Data shown:

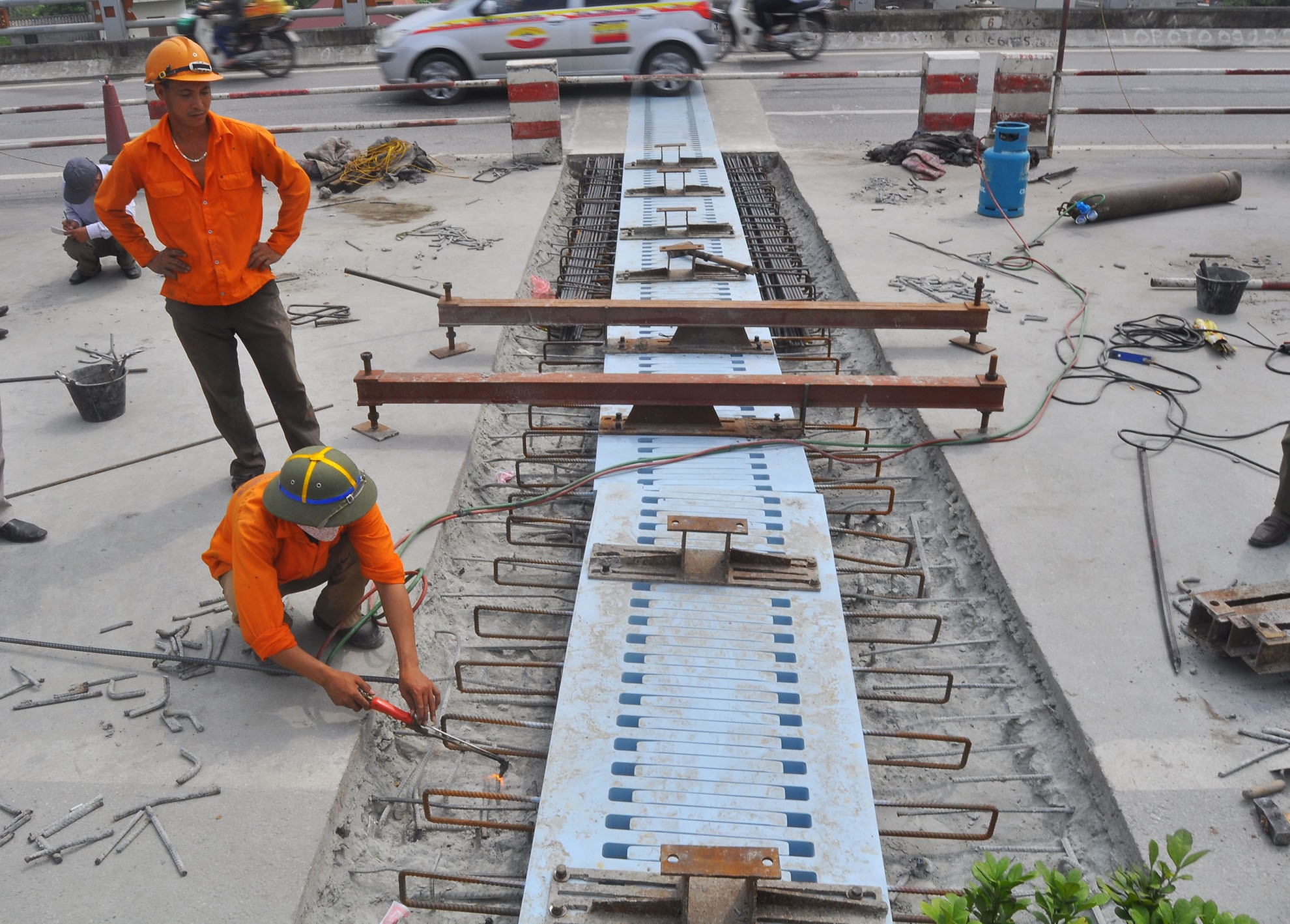 Một điểm đệm bị lún trên cầu Thanh Trì được nhóm công nhân sửa chữa vào cuối tháng 10. Ông Phạm Anh Tú, Trưởng phòng dự án 1 – Ban quản lý dự án Thăng Long, cho hay, các vết hằn lún trên chắc chắn ảnh hưởng tới tiến độ lưu thông, vận tải của phương tiện. Năm 2009, đơn vị thi công đã tu sửa bảo hành một lần từ nguồn quỹ của nhà thầu. Song, từ khi hết bảo hành tới nay, tuyến đường chưa được tu sửa thêm lần nào nữa. |
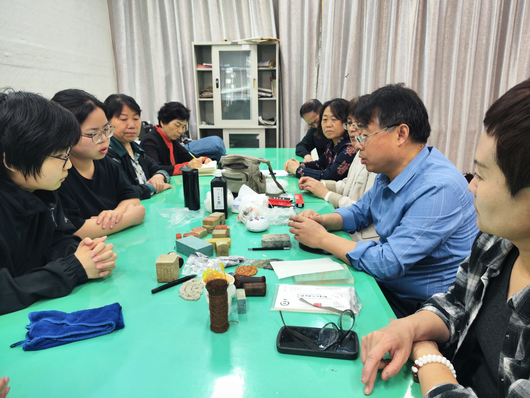 学院教师文晓东介绍了中国篆刻艺术的发展历史和基本知识。以实际操作训练为主,系统地开展了篆刻钤印、刻边款、边款拓印、印屏制作等环节的教学示范,整个教学环节专业规范、深入浅出,直观醒目,操作性强,使参与者全面了解了篆刻艺术的技法。参与成员兴趣浓厚,热情高涨,一致表示充分感受到了中国篆刻艺术的独特魅力,收获颇丰。
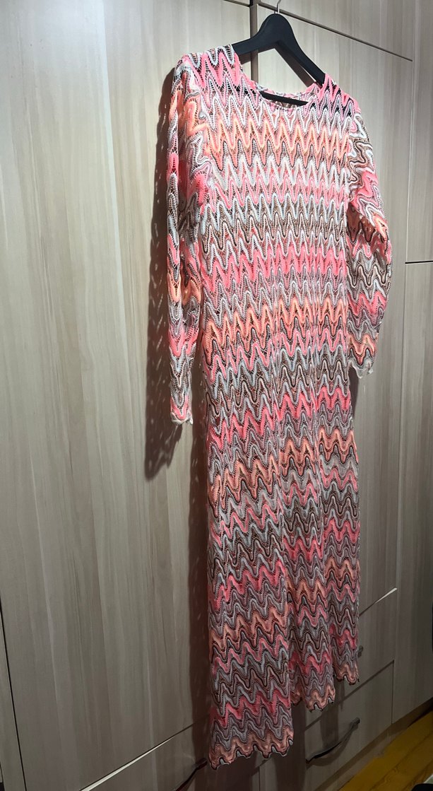 Renkli desenli, uzun triko elbise. V yaka, bol kesim ve uzun kollu, bohem tarzda günlük kullanım için uygundur. Ürün boy 129 iki kol arası 52 cm
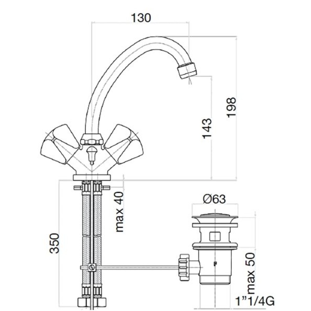 Μπαταρία νιπτήρος Fiore Classic line χρωμέ 14CR0359
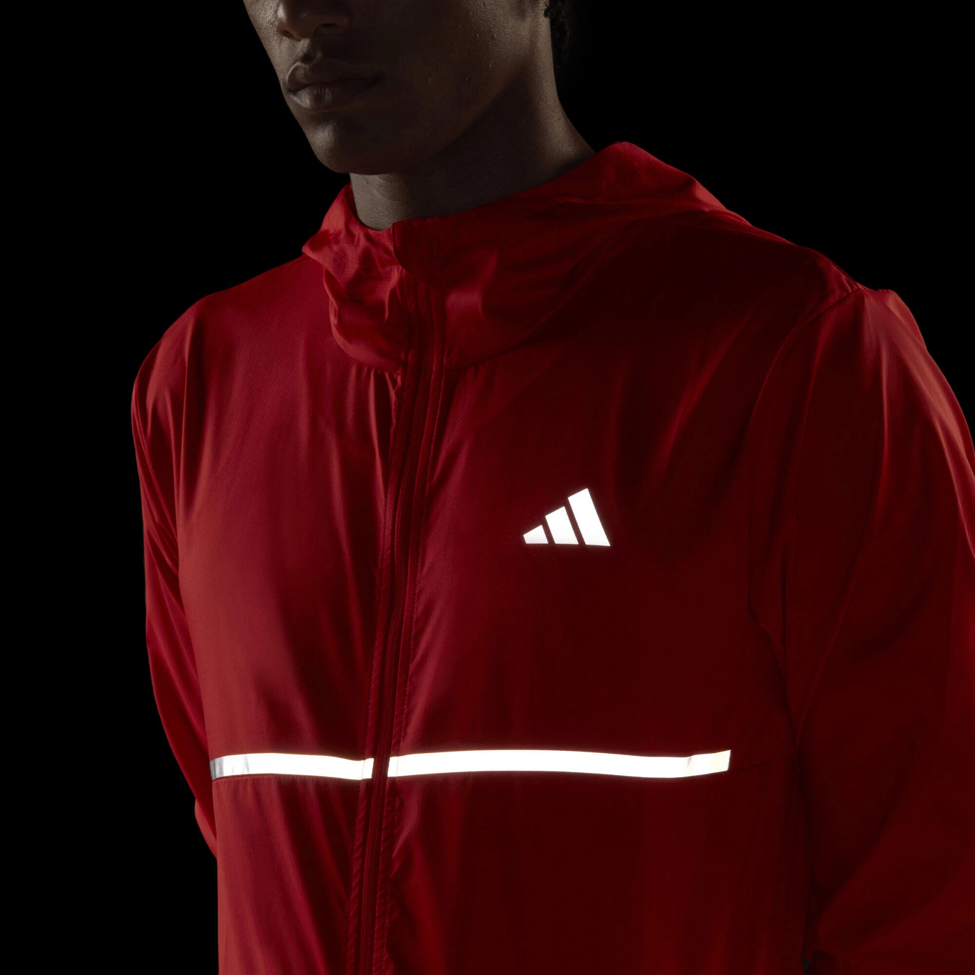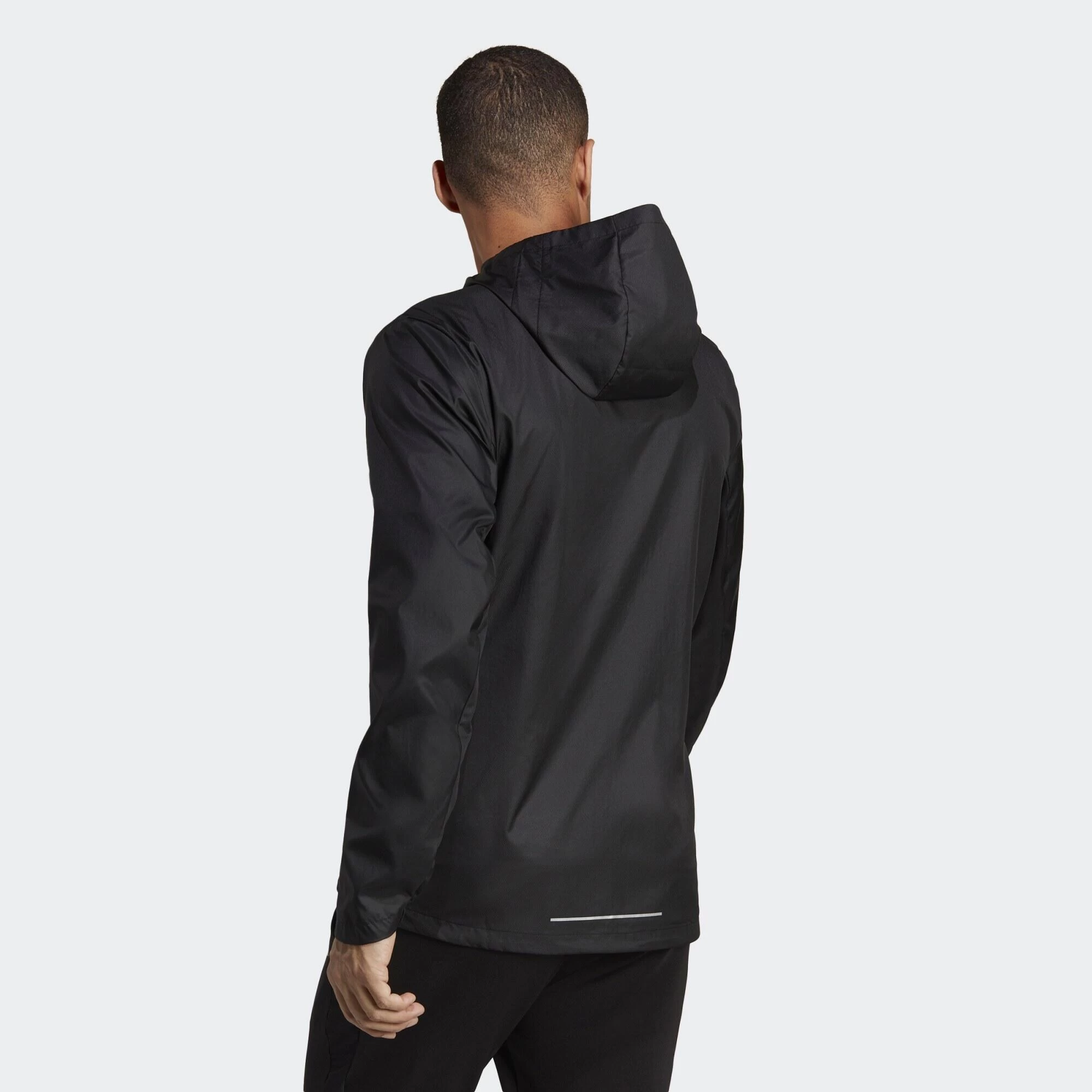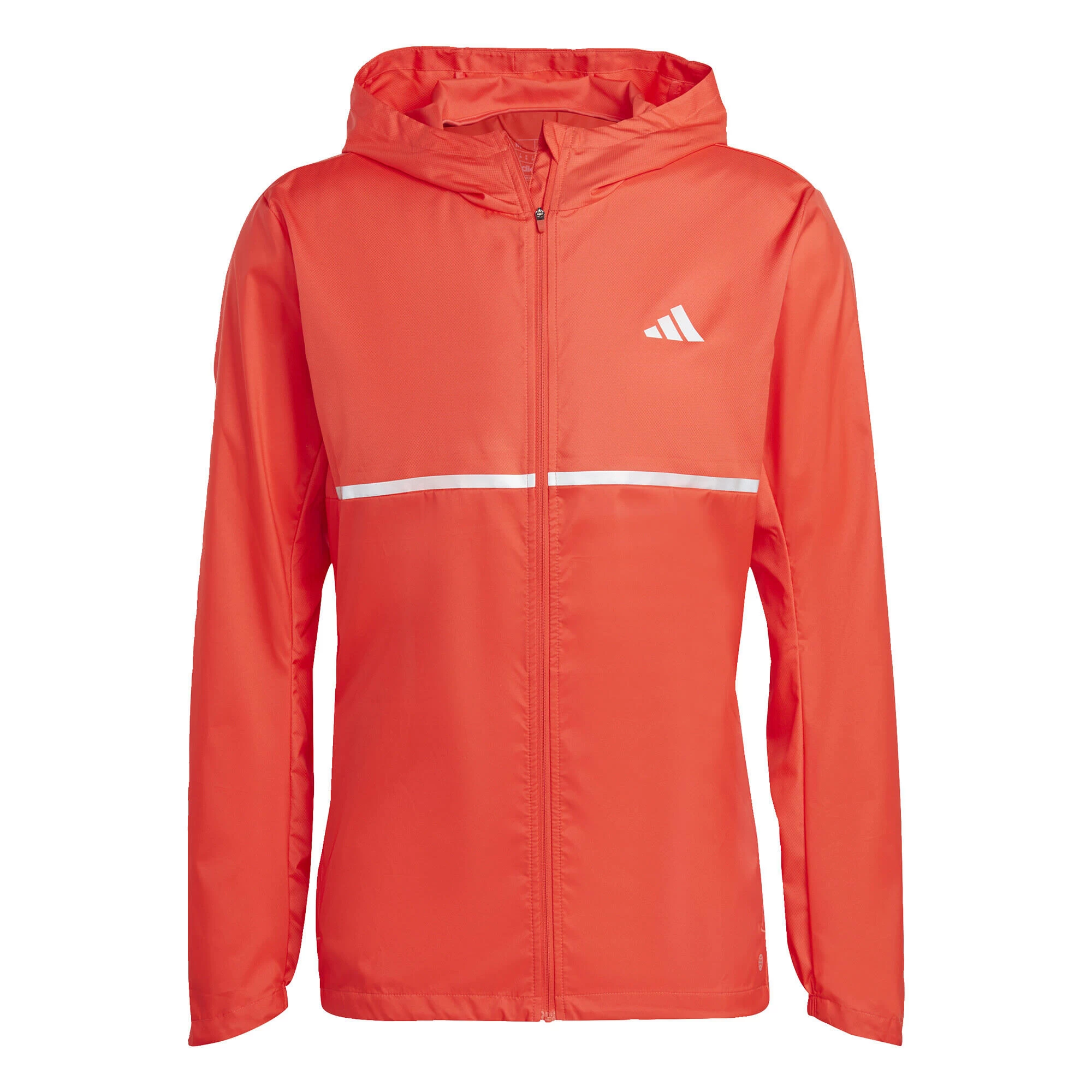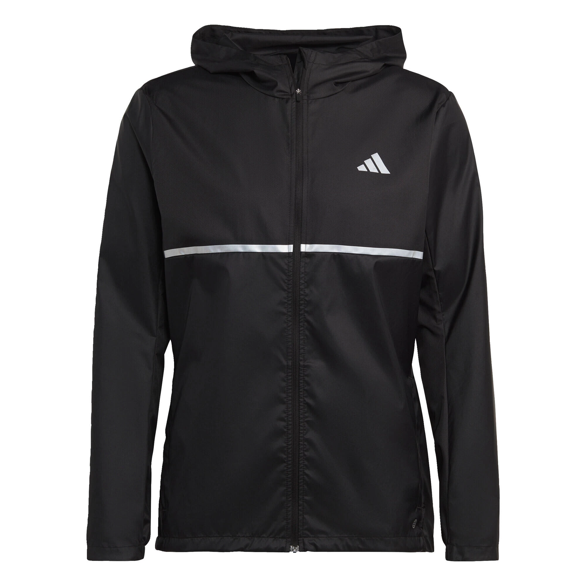 Zip into this adidas running jacket and log those cool morning miles. Lightweight, breathable dobby fabric is comfortable for everyday wear. Zip pockets keep your essentials close at hand. When there’s a chill in the air, this hooded jacket will keep you going.Made with 100% recycled materials, this product represents just one of adidas’ solutions to help end plastic waste.

Task: Your answer must be the full listing, reproduced word for word, without its pictures.

Solution for this task:
 Một điểm đệm bị lún trên cầu Thanh Trì được nhóm công nhân sửa chữa vào cuối tháng 10. Ông Phạm Anh Tú, Trưởng phòng dự án 1 – Ban quản lý dự án Thăng Long, cho hay, các vết hằn lún trên chắc chắn ảnh hưởng tới tiến độ lưu thông, vận tải của phương tiện. Năm 2009, đơn vị thi công đã tu sửa bảo hành một lần từ nguồn quỹ của nhà thầu. Song, từ khi hết bảo hành tới nay, tuyến đường chưa được tu sửa thêm lần nào nữa. |
 学院教师文晓东介绍了中国篆刻艺术的发展历史和基本知识。以实际操作训练为主,系统地开展了篆刻钤印、刻边款、边款拓印、印屏制作等环节的教学示范,整个教学环节专业规范、深入浅出,直观醒目,操作性强,使参与者全面了解了篆刻艺术的技法。参与成员兴趣浓厚,热情高涨,一致表示充分感受到了中国篆刻艺术的独特魅力,收获颇丰。
 Renkli desenli, uzun triko elbise. V yaka, bol kesim ve uzun kollu, bohem tarzda günlük kullanım için uygundur. Ürün boy 129 iki kol arası 52 cm
 Μπαταρία νιπτήρος Fiore Classic line χρωμέ 14CR0359
 Zip into this adidas running jacket and log those cool morning miles. Lightweight, breathable dobby fabric is comfortable for everyday wear. Zip pockets keep your essentials close at hand. When there’s a chill in the air, this hooded jacket will keep you going.Made with 100% recycled materials, this product represents just one of adidas’ solutions to help end plastic waste.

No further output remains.